This view shows enzymes only for those organisms listed below, in the list of taxa known to possess the pathway. If an enzyme name is shown in bold, there is experimental evidence for this enzymatic activity.
|Superclasses:||Biosynthesis → Secondary Metabolites Biosynthesis → Nitrogen-Containing Secondary Compounds Biosynthesis → Alkaloids Biosynthesis → Indole Alkaloids Biosynthesis|
Expected Taxonomic Range: Clavicipitaceae
Ergot alkaloids are a complex family of indole derivatives with diverse structures and biological activities. They are toxins produced by some fungi from the families Clavicipitaceae, Trichocomaceae and Arthrodermataceae. Some of these compounds and their semi-synthetic derivatives are important drugs in modern medicine, such as ergotamine and dihydroergotamine, which are used for the treatment of migraines. Ergotamine , along with ergometrine, have also been used for a very long time as uterine contracting agents following childbirth.
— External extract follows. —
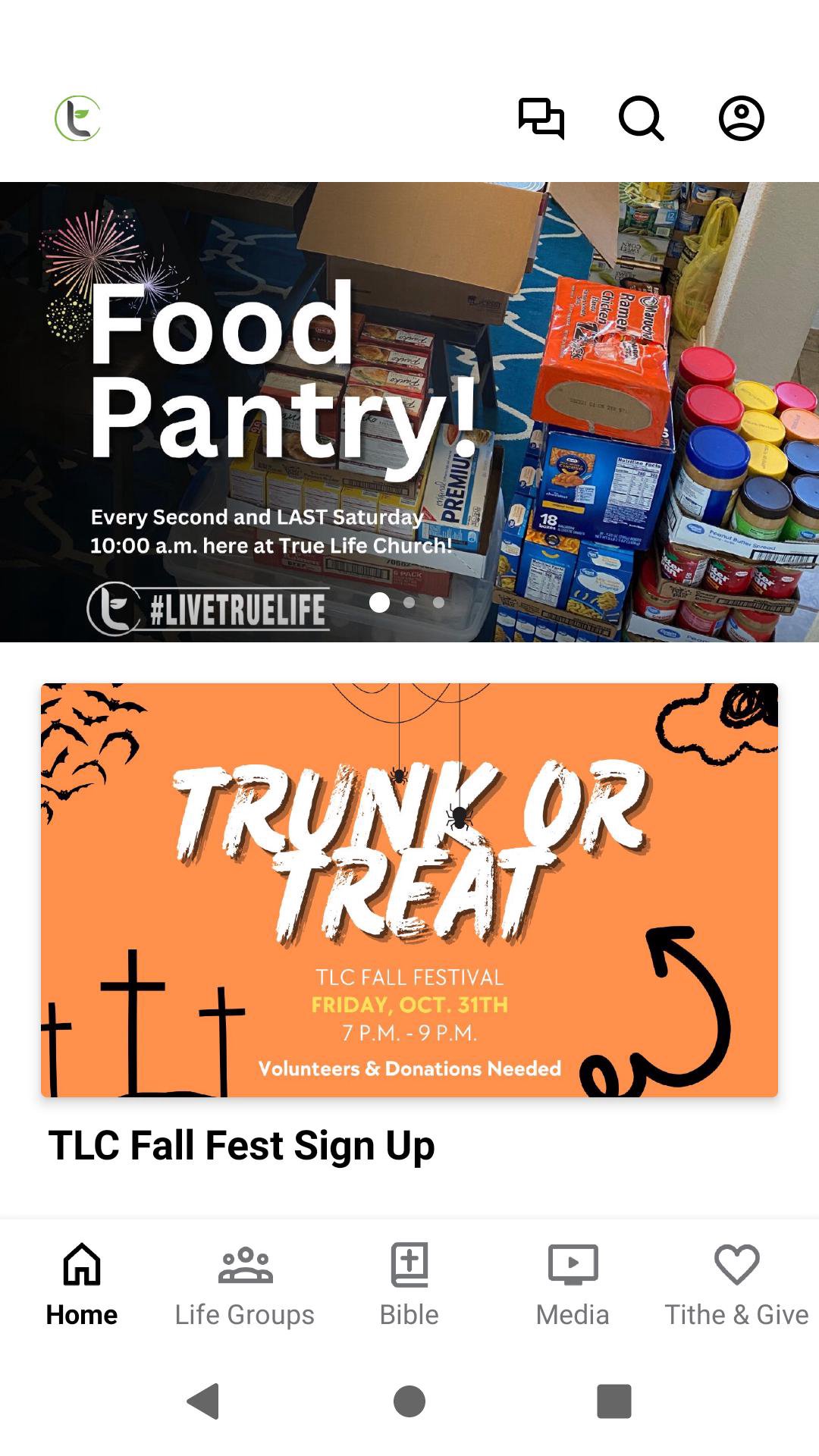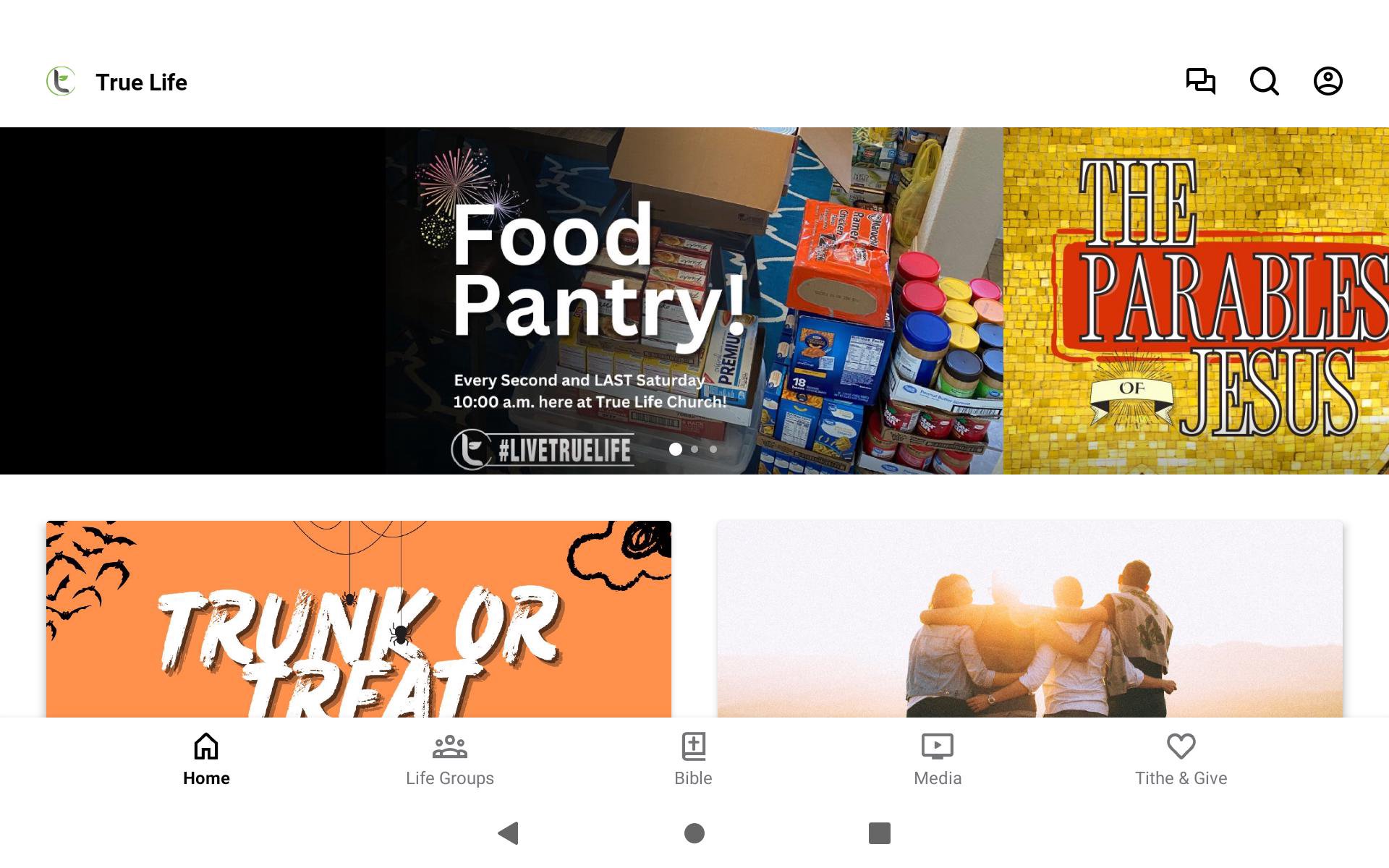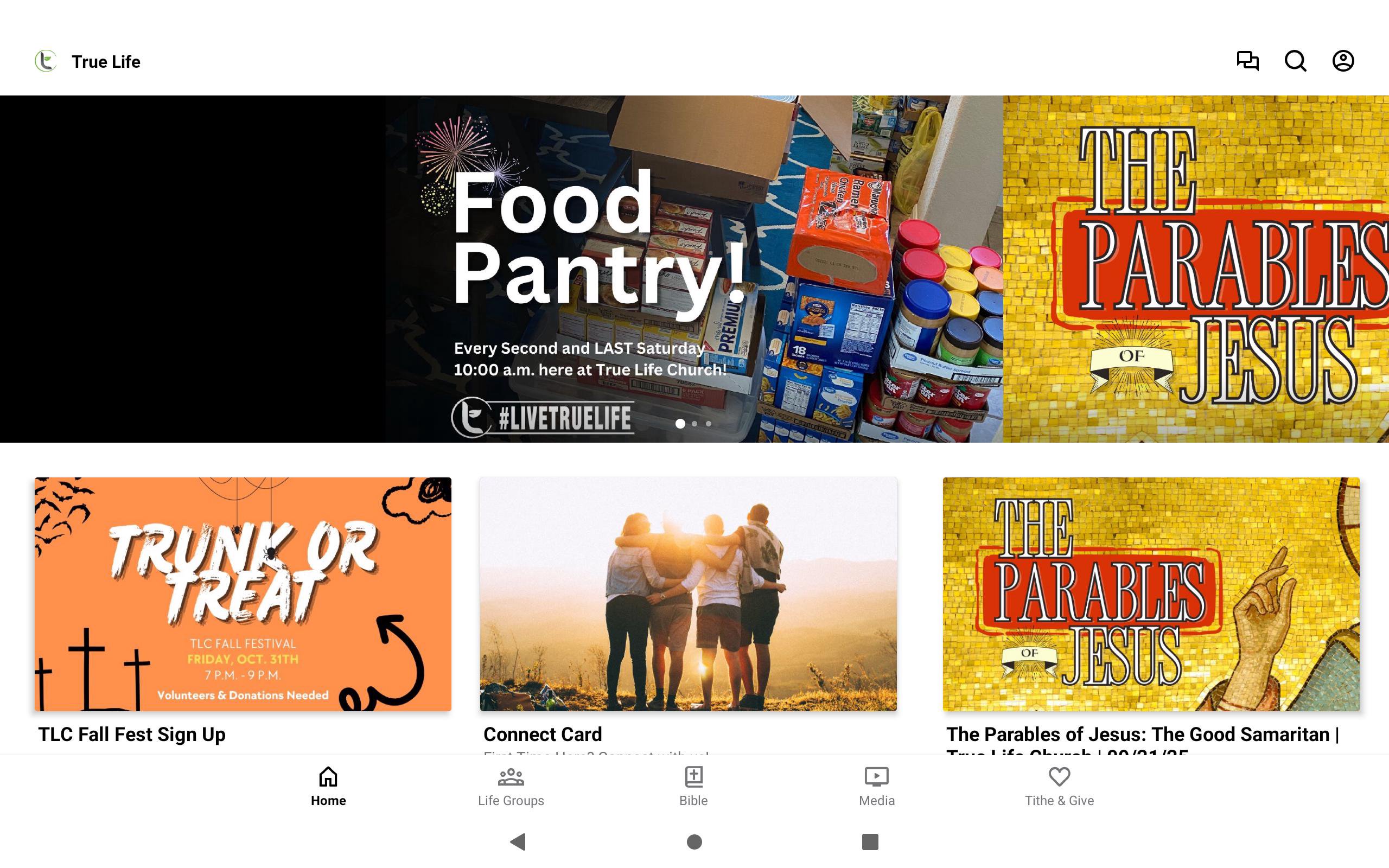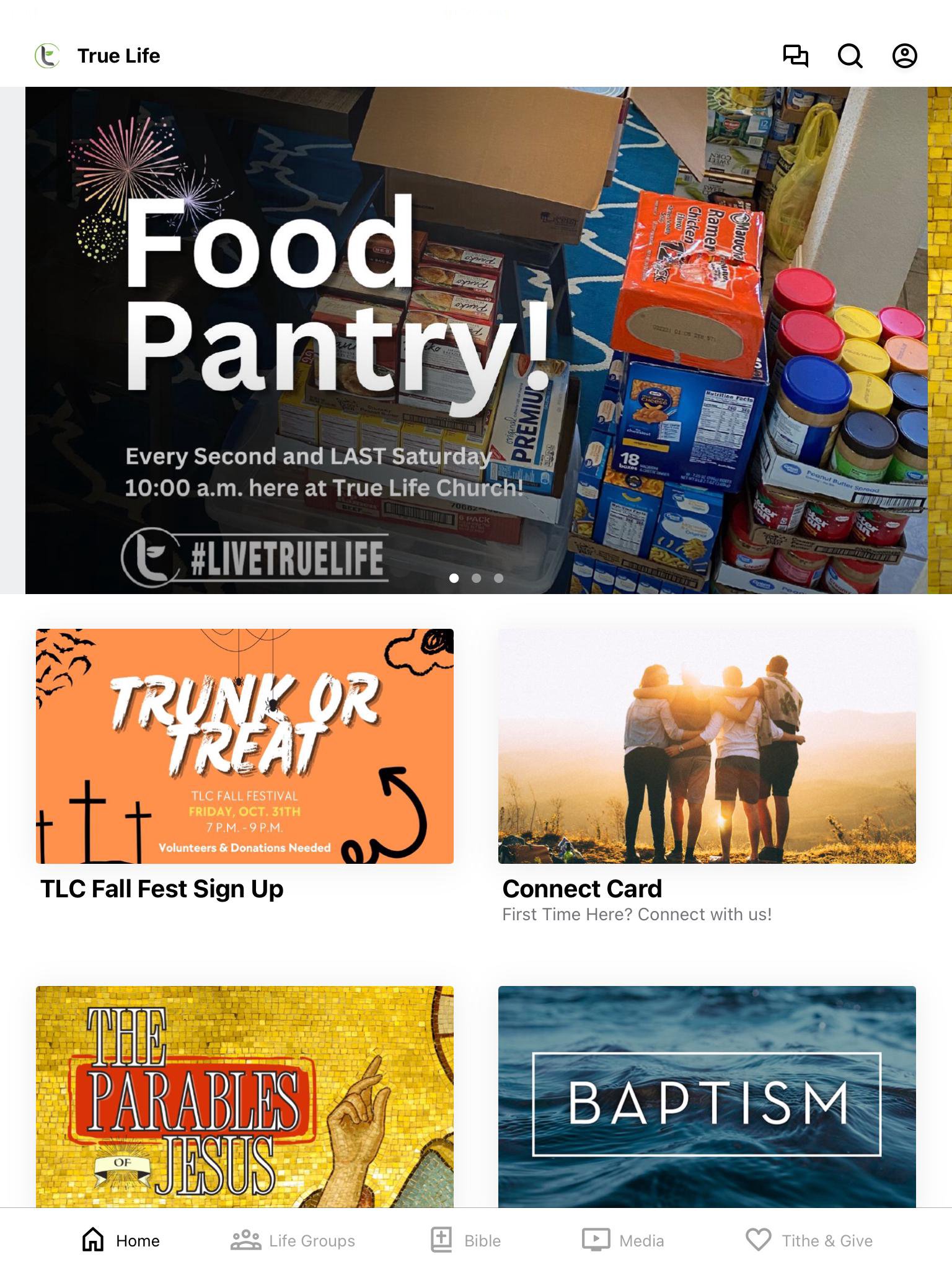 Connect deeper with your small groups, other members, and stay connected to our events and weekly messages here on the True Life App

The early part of the pathway is common to all three families and ends with chanoclavine-I aldehyde (see chanoclavine I aldehyde biosynthesis). This compound is an important branching point, and is converted to different products within the different fungal families. Within the Clavicipitaceae, such as Claviceps fusiformis, an enzyme encoded by easG converts chanoclavine-I aldehyde to agroclavine [Matuschek11], which is then converted to assorted amides and peptides of lysergate, known as ergoamides and ergopeptines, respectively. The potent synthetic hallucinogen lysergic acid diethylamide (LSD) is a diethylamide of this intermediate.
A biosynthetic gene cluster involved in ergot alkaloids biosynthesis has been identified in Claviceps purpurea. While not all steps have been associated with an enzyme, the cloA gene was shown to encode a cytochrome P-450 enzyme that catalyzes the formation of paspalate from elymoclavine, while ps1 and ps2 encode two non-ribosomal peptide synthases that form the subunits of a very large complex that catalyzes the addition of a tripeptidide tail to the lysergic moiety [Liu09a].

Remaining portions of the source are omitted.